To change the password: 
bin/elasticsearch-users passwd <USERNAME>
If the above command doesn’t work and the passwords of users in Elasticsearch are lost, you can recover the cluster by creating a new user from the command line. You can update the password information with the existing username using the credentials of the user you created. 
bin/elasticsearch-users useradd <NEW_USERNAME> -p <NEW_PASSWORD> -r superuser

curl -X POST "http://<ELASTICSEARCH_IP_ADDRESS>:<PORT>/_security/user/<OLD_USERNAME>/_password?pretty" -H 'Content-Type: application/json' -d' {
  "password" : "<OLD_USERNAMES_NEW_PASSWORD>"
} '
Additionally;
  • When sending requests through API testing tools like Postman, Authorization: Basic <base64 encoded username:password> information must be added to the request’s header field. 
    # For example;
Authorization: Basic YXBpbml6ZXJfZXNfY2x1c3RlcjphcGluaXplcg==
  • To manage users through Kibana, go to Stack Management > Security > User from the menu. The following fields must be added to the Kibana configuration file /config/kibana.yml. 
    elasticsearch.username: "apinizer_es_cluster"
elasticsearch.password: "apinizer"
Additional commands; 
# Getting information about the authenticated user
curl -X GET -u apinizer_es_cluster:apinizer "http://<ELASTICSEARCH_IP_ADDRESS>:<PORT>/_security/_authenticate?pretty"

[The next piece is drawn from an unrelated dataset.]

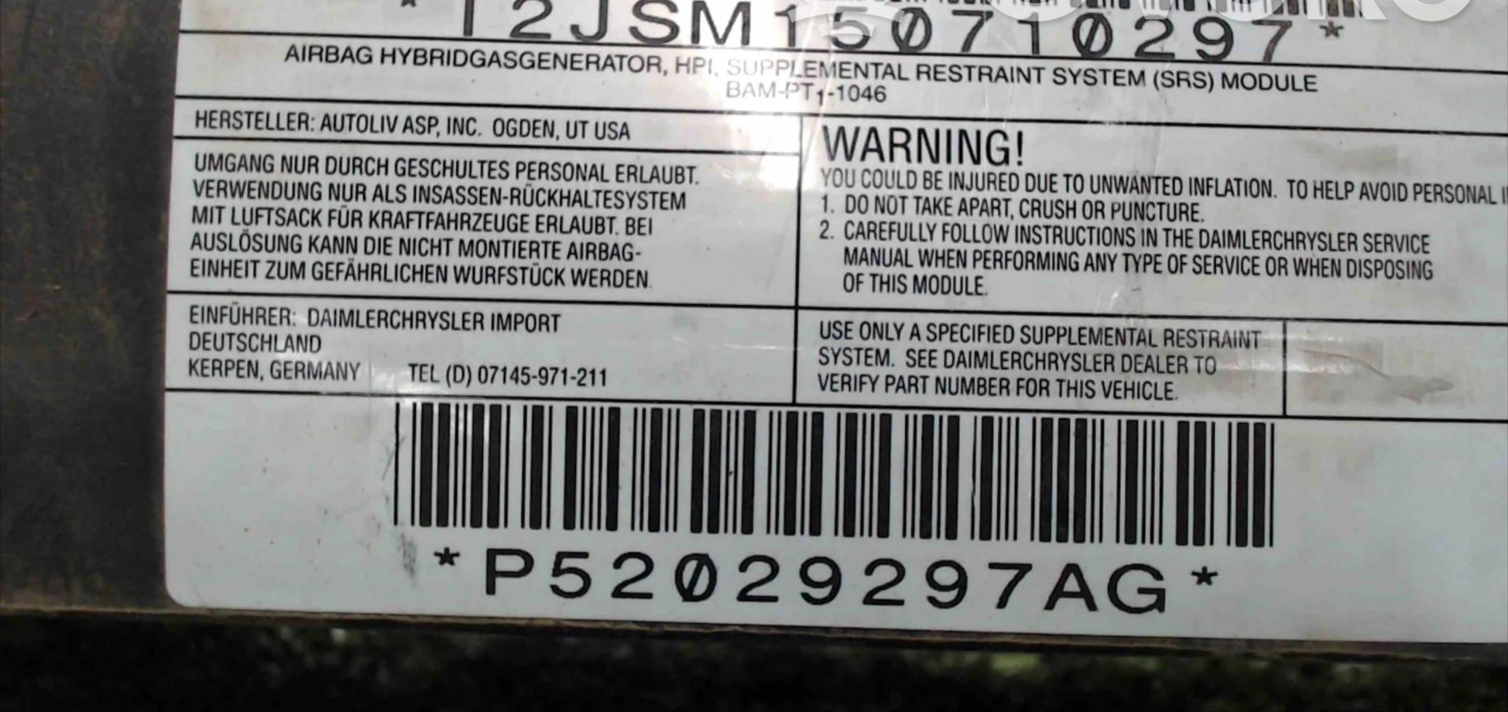 Подушка безопасности двери 6062213LH Jeep Grand Cherokee (WK)

# Users can be enabled or disabled.
curl -X PUT -u apinizer_es_cluster:apinizer "http://<ELASTICSEARCH_IP_ADDRESS>:<PORT>/_xpack/security/user/apinizer_es_cluster/_enable"
curl -X PUT -u apinizer_es_cluster:apinizer "http://<ELASTICSEARCH_IP_ADDRESS>:<PORT>/_xpack/security/user/apinizer_es_cluster/_disable"

Apinizer Configuration

The username and password of the defined user are configured from the Elasticsearch Clusters page in Apinizer Manager Console.
Elasticsearch Clusters - Authentication

Apinizer - Elasticsearch Clusters page - Authentication configuration

1

Enabling authentication

Enable the authentication switch button.
2

Entering credentials

Enter the username and password information.